Exactly the lines below from the one with "Werbeanzeige für Schreibmaschinen" up to and including the one with "RATANA LIGHT BROWN" make up the answer, with nothing else added.

# # # # #

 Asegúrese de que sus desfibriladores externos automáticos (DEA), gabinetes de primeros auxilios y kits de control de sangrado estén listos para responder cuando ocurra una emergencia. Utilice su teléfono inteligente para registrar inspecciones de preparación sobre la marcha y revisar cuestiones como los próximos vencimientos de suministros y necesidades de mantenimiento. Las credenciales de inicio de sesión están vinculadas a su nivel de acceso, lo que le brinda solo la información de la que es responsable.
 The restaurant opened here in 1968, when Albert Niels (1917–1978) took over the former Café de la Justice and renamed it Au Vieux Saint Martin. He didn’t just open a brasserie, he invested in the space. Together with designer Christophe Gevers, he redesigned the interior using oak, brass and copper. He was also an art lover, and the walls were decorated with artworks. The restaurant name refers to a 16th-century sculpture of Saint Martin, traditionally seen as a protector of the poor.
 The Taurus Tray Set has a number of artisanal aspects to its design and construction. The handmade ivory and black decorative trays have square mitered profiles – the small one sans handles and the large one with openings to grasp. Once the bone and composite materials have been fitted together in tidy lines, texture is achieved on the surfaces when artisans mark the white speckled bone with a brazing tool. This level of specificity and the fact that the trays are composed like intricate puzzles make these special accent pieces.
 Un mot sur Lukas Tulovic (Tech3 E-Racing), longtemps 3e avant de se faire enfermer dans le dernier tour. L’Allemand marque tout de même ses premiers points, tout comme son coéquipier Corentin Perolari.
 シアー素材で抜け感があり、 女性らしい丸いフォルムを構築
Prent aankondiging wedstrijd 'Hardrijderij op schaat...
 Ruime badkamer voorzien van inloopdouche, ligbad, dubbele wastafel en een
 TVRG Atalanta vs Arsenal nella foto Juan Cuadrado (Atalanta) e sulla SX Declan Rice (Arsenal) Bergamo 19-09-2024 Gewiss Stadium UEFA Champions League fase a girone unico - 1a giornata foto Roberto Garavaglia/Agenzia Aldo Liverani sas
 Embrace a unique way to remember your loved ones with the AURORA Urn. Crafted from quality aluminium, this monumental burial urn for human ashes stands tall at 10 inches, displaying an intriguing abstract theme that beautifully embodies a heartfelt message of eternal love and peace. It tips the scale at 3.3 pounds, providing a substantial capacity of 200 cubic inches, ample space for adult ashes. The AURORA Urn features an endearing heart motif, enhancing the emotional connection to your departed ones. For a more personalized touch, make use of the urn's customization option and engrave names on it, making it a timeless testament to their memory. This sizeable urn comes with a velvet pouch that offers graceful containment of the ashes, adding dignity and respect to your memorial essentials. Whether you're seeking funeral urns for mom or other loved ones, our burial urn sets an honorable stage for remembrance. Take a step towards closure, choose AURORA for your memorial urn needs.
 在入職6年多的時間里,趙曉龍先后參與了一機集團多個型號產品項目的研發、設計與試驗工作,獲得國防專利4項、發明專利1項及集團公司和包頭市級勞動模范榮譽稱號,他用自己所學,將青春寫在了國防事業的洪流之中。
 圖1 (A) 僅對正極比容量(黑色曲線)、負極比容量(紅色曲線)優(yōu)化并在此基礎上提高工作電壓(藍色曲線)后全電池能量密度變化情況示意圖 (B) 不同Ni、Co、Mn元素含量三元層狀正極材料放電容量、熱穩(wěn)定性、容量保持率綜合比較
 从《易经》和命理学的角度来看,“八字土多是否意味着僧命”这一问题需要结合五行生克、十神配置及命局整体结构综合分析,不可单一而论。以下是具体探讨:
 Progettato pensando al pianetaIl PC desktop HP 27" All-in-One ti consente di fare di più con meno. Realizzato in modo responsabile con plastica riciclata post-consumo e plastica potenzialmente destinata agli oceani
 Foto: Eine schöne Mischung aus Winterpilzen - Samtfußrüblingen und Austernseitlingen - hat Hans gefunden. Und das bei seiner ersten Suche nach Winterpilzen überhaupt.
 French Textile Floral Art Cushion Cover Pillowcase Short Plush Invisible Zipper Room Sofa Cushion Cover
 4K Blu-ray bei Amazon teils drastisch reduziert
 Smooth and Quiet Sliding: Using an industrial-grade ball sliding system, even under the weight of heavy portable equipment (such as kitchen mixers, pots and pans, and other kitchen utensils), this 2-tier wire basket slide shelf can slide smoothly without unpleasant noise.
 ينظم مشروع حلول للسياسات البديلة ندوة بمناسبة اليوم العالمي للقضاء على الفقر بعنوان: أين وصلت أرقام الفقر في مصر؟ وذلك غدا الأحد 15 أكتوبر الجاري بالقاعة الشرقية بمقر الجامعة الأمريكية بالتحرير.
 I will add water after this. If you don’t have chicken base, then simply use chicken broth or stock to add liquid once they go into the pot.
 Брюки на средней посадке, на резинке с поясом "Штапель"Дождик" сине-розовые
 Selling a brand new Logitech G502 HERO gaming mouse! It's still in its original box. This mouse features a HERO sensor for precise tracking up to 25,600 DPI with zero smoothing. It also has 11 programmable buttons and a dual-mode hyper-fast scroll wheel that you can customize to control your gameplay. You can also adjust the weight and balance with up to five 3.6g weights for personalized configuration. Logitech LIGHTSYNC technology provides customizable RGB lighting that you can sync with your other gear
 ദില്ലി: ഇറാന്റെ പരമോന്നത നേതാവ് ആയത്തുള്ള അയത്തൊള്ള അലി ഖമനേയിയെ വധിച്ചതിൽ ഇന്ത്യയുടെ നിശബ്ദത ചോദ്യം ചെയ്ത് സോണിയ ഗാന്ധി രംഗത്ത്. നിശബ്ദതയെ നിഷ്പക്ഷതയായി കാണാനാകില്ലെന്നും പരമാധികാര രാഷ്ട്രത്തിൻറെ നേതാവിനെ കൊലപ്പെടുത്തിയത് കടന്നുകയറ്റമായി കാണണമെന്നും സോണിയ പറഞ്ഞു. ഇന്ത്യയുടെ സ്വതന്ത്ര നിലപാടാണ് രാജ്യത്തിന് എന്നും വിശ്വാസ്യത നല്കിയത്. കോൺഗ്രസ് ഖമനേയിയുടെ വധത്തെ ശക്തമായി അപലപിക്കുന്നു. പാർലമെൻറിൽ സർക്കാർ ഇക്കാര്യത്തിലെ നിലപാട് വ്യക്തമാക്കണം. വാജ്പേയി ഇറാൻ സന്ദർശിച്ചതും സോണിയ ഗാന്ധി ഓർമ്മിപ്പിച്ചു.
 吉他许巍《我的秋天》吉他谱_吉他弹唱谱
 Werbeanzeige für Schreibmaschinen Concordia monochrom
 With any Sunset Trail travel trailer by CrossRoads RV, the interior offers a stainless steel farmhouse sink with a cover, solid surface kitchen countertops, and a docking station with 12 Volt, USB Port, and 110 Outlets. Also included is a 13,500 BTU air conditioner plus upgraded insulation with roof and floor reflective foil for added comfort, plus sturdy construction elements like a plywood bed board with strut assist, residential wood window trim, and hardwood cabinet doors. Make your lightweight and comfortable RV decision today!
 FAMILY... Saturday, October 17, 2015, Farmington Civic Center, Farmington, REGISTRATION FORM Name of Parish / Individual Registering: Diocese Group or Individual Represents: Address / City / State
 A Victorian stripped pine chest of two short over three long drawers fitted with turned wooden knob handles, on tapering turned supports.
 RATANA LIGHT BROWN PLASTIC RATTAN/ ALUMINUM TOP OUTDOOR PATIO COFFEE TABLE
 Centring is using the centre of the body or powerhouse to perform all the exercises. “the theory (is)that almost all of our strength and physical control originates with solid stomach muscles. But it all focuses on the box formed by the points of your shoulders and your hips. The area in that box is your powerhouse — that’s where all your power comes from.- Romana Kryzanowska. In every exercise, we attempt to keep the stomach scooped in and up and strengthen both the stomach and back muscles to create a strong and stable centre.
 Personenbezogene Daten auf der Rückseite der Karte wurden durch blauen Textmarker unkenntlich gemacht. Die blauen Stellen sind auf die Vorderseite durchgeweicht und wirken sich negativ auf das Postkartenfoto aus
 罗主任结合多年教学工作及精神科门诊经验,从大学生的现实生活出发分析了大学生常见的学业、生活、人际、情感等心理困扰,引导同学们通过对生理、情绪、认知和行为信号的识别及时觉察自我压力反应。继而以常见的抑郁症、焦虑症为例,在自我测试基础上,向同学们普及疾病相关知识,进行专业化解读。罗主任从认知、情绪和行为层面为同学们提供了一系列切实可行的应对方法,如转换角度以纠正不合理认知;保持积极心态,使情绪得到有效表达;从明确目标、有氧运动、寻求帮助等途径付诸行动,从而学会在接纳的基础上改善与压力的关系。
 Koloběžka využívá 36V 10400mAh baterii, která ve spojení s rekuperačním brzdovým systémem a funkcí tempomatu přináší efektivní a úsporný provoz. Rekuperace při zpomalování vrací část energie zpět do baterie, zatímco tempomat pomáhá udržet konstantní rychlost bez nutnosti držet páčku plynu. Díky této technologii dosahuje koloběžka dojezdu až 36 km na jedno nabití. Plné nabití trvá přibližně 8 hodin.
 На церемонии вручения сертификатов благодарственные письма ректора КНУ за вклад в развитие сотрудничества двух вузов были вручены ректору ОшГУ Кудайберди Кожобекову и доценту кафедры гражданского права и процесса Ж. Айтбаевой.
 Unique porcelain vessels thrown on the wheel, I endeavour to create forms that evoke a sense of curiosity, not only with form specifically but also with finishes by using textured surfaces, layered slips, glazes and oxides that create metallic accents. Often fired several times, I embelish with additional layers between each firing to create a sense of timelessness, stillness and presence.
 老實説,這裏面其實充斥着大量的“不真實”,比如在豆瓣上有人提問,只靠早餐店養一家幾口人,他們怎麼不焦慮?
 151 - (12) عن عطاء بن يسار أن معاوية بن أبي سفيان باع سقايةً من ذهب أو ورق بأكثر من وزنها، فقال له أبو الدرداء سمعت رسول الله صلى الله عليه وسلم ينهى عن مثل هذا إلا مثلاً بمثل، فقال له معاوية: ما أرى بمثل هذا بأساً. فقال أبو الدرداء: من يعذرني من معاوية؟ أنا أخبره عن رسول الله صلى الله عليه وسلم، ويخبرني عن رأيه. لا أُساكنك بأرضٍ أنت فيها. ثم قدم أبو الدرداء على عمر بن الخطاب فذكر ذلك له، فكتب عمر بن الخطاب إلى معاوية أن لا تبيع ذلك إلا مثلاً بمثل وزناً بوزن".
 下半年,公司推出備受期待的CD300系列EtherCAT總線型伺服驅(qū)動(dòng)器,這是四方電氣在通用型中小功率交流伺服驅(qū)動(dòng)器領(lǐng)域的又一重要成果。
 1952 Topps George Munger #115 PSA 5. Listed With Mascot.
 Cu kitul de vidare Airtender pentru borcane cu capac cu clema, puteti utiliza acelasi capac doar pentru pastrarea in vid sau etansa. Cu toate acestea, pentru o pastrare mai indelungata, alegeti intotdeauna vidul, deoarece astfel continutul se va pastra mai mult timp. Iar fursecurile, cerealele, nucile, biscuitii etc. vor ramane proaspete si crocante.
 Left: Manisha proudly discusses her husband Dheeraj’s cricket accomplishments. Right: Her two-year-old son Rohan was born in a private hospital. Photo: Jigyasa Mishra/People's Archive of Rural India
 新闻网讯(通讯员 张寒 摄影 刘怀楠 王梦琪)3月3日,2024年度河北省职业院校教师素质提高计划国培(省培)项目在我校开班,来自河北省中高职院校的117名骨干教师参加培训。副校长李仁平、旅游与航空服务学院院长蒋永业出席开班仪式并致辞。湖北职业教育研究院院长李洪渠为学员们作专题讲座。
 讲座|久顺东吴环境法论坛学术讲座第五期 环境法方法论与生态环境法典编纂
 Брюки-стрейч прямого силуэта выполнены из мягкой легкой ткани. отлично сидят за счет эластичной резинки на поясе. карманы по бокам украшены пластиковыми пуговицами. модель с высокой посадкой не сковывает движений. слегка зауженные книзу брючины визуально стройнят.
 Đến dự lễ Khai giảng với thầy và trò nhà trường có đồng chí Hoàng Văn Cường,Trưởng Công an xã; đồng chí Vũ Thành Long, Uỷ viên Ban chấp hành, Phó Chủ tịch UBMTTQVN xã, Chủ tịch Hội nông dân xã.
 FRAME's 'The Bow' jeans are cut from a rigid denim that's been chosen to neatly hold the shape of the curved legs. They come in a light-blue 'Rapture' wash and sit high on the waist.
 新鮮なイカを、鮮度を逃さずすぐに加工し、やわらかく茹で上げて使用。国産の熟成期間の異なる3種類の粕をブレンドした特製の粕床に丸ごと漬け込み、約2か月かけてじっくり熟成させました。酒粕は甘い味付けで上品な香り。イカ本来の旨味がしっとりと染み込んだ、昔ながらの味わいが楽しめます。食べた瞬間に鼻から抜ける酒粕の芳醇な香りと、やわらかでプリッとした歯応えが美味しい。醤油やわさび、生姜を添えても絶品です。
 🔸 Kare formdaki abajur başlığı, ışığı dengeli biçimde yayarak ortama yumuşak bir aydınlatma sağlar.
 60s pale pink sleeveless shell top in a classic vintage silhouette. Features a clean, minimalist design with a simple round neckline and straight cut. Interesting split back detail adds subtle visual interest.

# # # # #

## EXERCISE RESPONSE
 Werbeanzeige für Schreibmaschinen Concordia monochrom
 With any Sunset Trail travel trailer by CrossRoads RV, the interior offers a stainless steel farmhouse sink with a cover, solid surface kitchen countertops, and a docking station with 12 Volt, USB Port, and 110 Outlets. Also included is a 13,500 BTU air conditioner plus upgraded insulation with roof and floor reflective foil for added comfort, plus sturdy construction elements like a plywood bed board with strut assist, residential wood window trim, and hardwood cabinet doors. Make your lightweight and comfortable RV decision today!
 FAMILY... Saturday, October 17, 2015, Farmington Civic Center, Farmington, REGISTRATION FORM Name of Parish / Individual Registering: Diocese Group or Individual Represents: Address / City / State
 A Victorian stripped pine chest of two short over three long drawers fitted with turned wooden knob handles, on tapering turned supports.
 RATANA LIGHT BROWN PLASTIC RATTAN/ ALUMINUM TOP OUTDOOR PATIO COFFEE TABLE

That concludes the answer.